--- Information ---
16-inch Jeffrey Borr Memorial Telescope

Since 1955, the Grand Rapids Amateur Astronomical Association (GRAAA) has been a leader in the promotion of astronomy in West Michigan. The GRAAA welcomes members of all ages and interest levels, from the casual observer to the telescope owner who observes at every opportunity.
---
--- Information ---
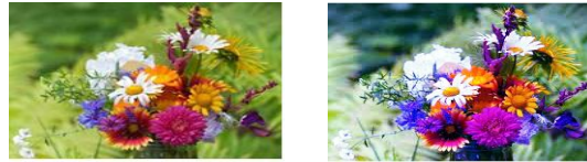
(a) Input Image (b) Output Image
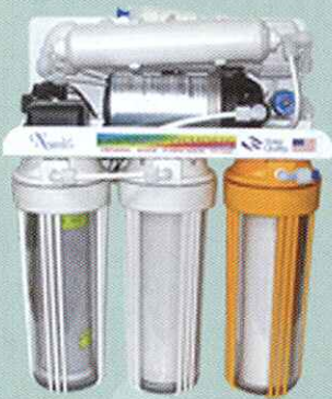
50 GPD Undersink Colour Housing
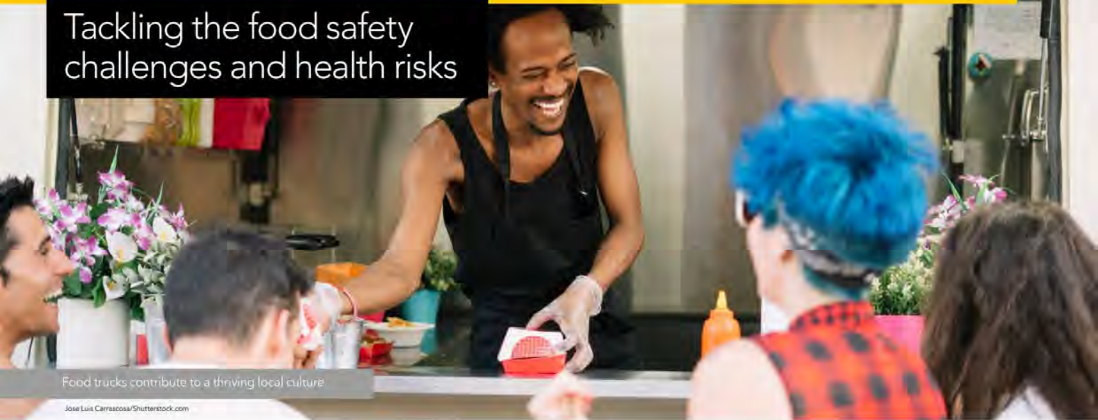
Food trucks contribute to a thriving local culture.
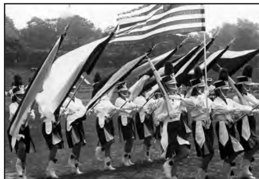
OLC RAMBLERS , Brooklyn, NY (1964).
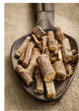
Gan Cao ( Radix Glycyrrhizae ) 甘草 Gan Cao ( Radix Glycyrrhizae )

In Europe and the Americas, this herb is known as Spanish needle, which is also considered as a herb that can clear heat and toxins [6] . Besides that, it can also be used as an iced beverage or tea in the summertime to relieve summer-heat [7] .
---
--- Information ---
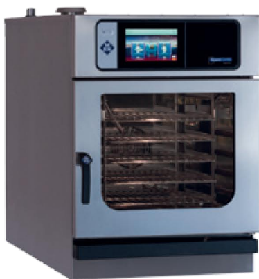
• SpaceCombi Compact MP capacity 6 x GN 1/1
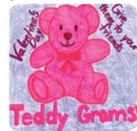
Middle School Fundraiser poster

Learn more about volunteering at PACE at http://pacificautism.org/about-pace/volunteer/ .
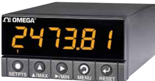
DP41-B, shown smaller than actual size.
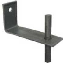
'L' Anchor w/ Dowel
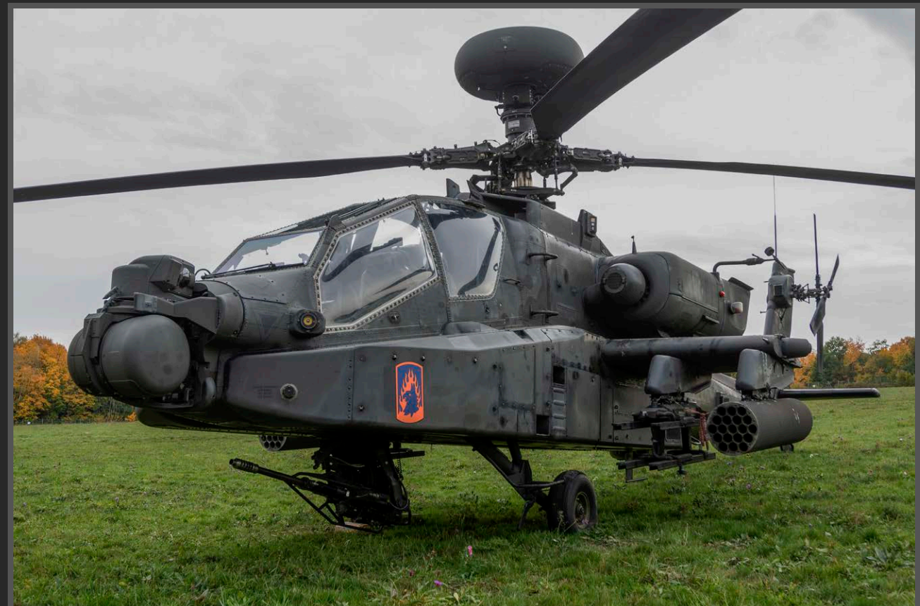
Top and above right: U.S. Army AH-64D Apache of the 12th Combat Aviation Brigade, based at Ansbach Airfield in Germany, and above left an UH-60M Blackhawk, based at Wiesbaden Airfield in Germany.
---
(Exercise): Print exactly the lines above that run from the one with "capacity 6 x GN 1/1" down to the one with "Top and above", and omit the pictures.

(Exercise answer):
• SpaceCombi Compact MP capacity 6 x GN 1/1
Middle School Fundraiser poster

Learn more about volunteering at PACE at http://pacificautism.org/about-pace/volunteer/ .
DP41-B, shown smaller than actual size.
'L' Anchor w/ Dowel
Top and above right: U.S. Army AH-64D Apache of the 12th Combat Aviation Brigade, based at Ansbach Airfield in Germany, and above left an UH-60M Blackhawk, based at Wiesbaden Airfield in Germany.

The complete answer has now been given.